Bolsonaro, Braskem e a negação da realidade

11/04/2019 16:59 - Blog do Celio Gomes
Por Redação

Uma das marcas registradas de praticamente todo e qualquer governo é o apego à manipulação de números oficiais e estatísticas. A vagabundagem consiste em dar interpretação enviesada aos dados objetivos da realidade. Aqui mesmo em Alagoas, ao longo das décadas, autoridades brigam a vida inteira contra os índices de analfabetismo, mortalidade infantil, homicídios, projetos anunciados e não cumpridos, e vai por aí. A tática é agredir as fontes de onde saem esses estudos inconvenientes.

Escrevo tudo isso depois de reações no governo brasileiro a dois tipos de levantamentos publicados nos últimos dias. Primeiro, foi Jair Bolsonaro, o desqualificado e amoral presidente, que, diante dos índices de desemprego, partiu pra cima do IBGE, responsável pela pesquisa. De novo, o velho exemplo da autoridade cretina que, sem resposta à mensagem ruim, atira no mensageiro.

O segundo caso ocorreu nesta quinta-feira 11/04, por parte do ministro Sergio Moro, aquele intelectual cheio de ideias para a relação entre “conges”. O Datafolha acaba de revelar que a maioria da população rejeita medidas que formam o eixo central do projetinho anticrime saído da cabeça do ex-juiz bolsonarista. Segundo ele, a pesquisa foi “mal feita”. Só porque ele quer que assim seja.

Como falei, não temos novidade nessa estratégia. Quando os doutores não têm argumentos frente à dura verdade, então dane-se a verdade. Os donos do poder têm essa mania de fingir acreditar em suas próprias mentiras. Fico imaginando o que eles pretendem com essa forma de reagir aos fatos. Nos dias de hoje, com as redes sociais, fica mais fácil para políticos espalharem suas fantasias.

A encrenca é que não se muda a feia realidade com maquiagem chapa-branca. Mas é claro que ninguém deve esperar qualquer autocrítica ou reconhecimento de equívocos de quem está apenas a serviço de um projeto político. O presidente idiota, que já é rejeitado pela maioria com apenas cem dias de governo, também dispara sua verborragia escrota sobre a pesquisa Datafolha.

Agora vamos a outro tipo de guerra entre vida real e o desejo dos poderosos.

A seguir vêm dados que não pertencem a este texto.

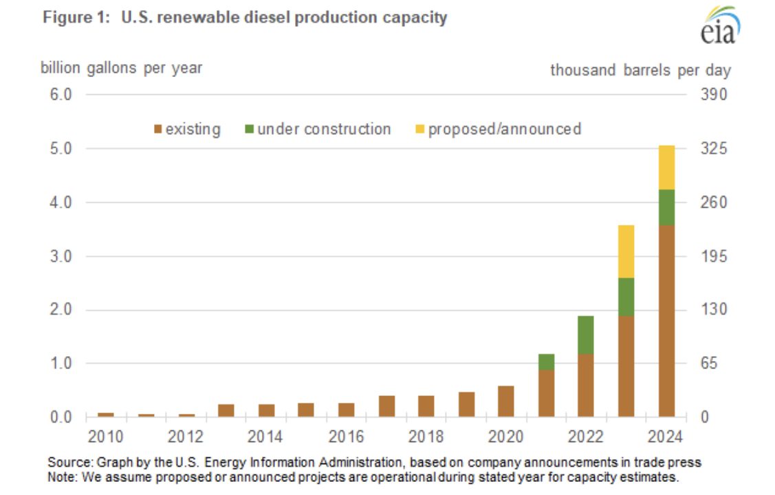 From the EIA’s This Week In Petroleum, here… ”Renewable diesel is often produced at a biorefinery or by co-processing at a petroleum refinery.
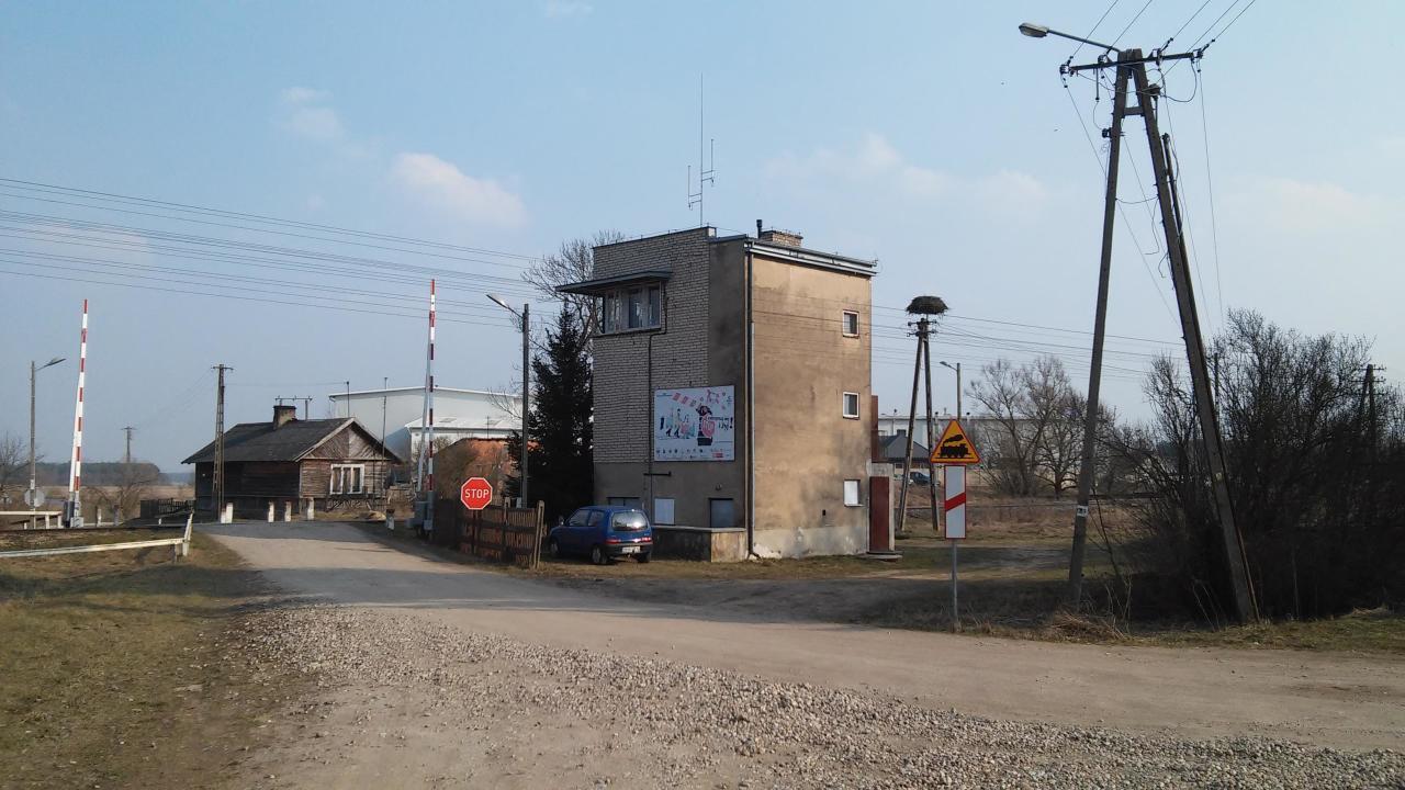 Budynek dawnego posterunku stwierdzenia końca pociągu a obok kontener nowych urządzeń przejazdowych.

Refiro-me ao caso do Pinheiro, o bairro que está afundando em Maceió. Embora não exista um laudo definitivo, sobram evidências de que o trabalho da Braskem tem tudo para ser o grande responsável pelo drama que atinge milhares de famílias. A empresa contesta de maneira veemente. Jura que isso não procede.   

A contestação da Braskem, porém, não está baseada em qualquer estudo apresentado ao Ministério Público ou à Defensoria Pública, as duas instâncias mais engajadas na busca por solução do caso. Sobre os eloquentes indícios contra a multinacional, nenhuma palavra de seus diretores. O que eles fizeram foi irrigar as emissoras de TV com uma fortuna pela publicação de publicidade.

Nos últimos dias, nota oficial da empresa vem sendo divulgada no chamado horário nobre televisivo. É uma festa para os departamentos comerciais – muito preocupados em amparar os atingidos, se é que me faço entender. No meio da verdadeira tragédia, a batalha de informações e de narrativas é tão delicada quanto a investigação das causas do problema. Bom teste para o jornalismo.

Misturei governo Bolsonaro e Braskem porque, no tema aqui, ressalto que achincalhar os fatos em nome de enredos fantasiosos é traço comum de dois mundos – o público e o privado. A pilantragem de um está à altura da delinquência do outro. Não espere nada acima desse nojento padrão.